Ólafur Waage
Ólafur Waage

Reputation: 69991

What is an efficient way to replace many characters in a string?

String handling in Java is something I'm trying to learn to do well. Currently I want to take in a string and replace any characters I find.

Here is my current inefficient (and kinda silly IMO) function. It was written to just work.

public String convertWord(String word)
{
    return word.toLowerCase().replace('á', 'a')
                             .replace('é', 'e')
                             .replace('í', 'i')
                             .replace('ú', 'u')
                             .replace('ý', 'y')
                             .replace('ð', 'd')
                             .replace('ó', 'o')
                             .replace('ö', 'o')
                             .replaceAll("[-]", "")
                             .replaceAll("[.]", "")
                             .replaceAll("[/]", "")
                             .replaceAll("[æ]", "ae")
                             .replaceAll("[þ]", "th");
}

I ran 1.000.000 runs of it and it took 8182ms. So how should I proceed in changing this function to make it more efficient?

Solution found:

Converting the function to this

public String convertWord(String word)
{
    StringBuilder sb = new StringBuilder();

    char[] charArr = word.toLowerCase().toCharArray();

    for(int i = 0; i < charArr.length; i++)
    {
        // Single character case
        if(charArr[i] == 'á')
        {
            sb.append('a');
        }
        // Char to two characters
        else if(charArr[i] == 'þ')
        {
            sb.append("th");
        }
        // Remove
        else if(charArr[i] == '-')
        {
        }
        // Base case
        else
        {   
            sb.append(word.charAt(i));
        }
    }

    return sb.toString();
}

Running this function 1.000.000 times takes 518ms. So I think that is efficient enough. Thanks for the help guys :)

Upvotes: 29

Views: 21573

Answers (9)

fabiolimace
fabiolimace

Reputation: 1197

I just implemented this utility class that replaces a char or a group of chars of a String. It is equivalent to bash tr and perl tr///, aka, transliterate. I hope it helps someone!

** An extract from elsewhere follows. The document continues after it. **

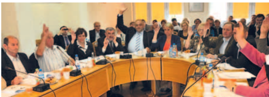
Radni Gminy Tczew podczas głosowania nad uchwałą w sprawie udzielenia Wójtowi absolutorium za wykonanie budżetu w 2011 r.

W drugiej części sesji pod głosowanie poddano 10 projektów uchwał. Wszystkie uchwały za wyjątkiem jednej zostały podjęte. Uchwała odrzucona przez Radnych to uchwała w sprawie przystąpienia do sporządzenia miejscowego planu zagospodarowania przestrzennego dla fragmentu obrębu geodezyjnego Miłobądz.

package your.package.name;

/**
 * Utility class that replaces chars of a String, aka, transliterate.
 * 
 * It's equivalent to bash 'tr' and perl 'tr///'.
 *
 */
public class ReplaceChars {

    public static String replace(String string, String from, String to) {
        return new String(replace(string.toCharArray(), from.toCharArray(), to.toCharArray()));
    }

    public static char[] replace(char[] chars, char[] from, char[] to) {

        char[] output = chars.clone();
        for (int i = 0; i < output.length; i++) {
            for (int j = 0; j < from.length; j++) {
                if (output[i] == from[j]) {
                    output[i] = to[j];
                    break;
                }
            }
        }
        return output;
    }

    /**
     * For tests!
     */
    public static void main(String[] args) {

        // Example from: https://en.wikipedia.org/wiki/Caesar_cipher
        String string = "THE QUICK BROWN FOX JUMPS OVER THE LAZY DOG";
        String from = "ABCDEFGHIJKLMNOPQRSTUVWXYZ";
        String to = "XYZABCDEFGHIJKLMNOPQRSTUVW";

        System.out.println();
        System.out.println("Cesar cypher: " + string);
        System.out.println("Result:       " + ReplaceChars.replace(string, from, to));
    }
}

This is the output:

Cesar cypher: THE QUICK BROWN FOX JUMPS OVER THE LAZY DOG
Result:       QEB NRFZH YOLTK CLU GRJMP LSBO QEB IXWV ALD

Upvotes: 0

Peter Lawrey
Peter Lawrey

Reputation: 533492

You could create a table of String[] which is Character.MAX_VALUE in length. (Including the mapping to lower case)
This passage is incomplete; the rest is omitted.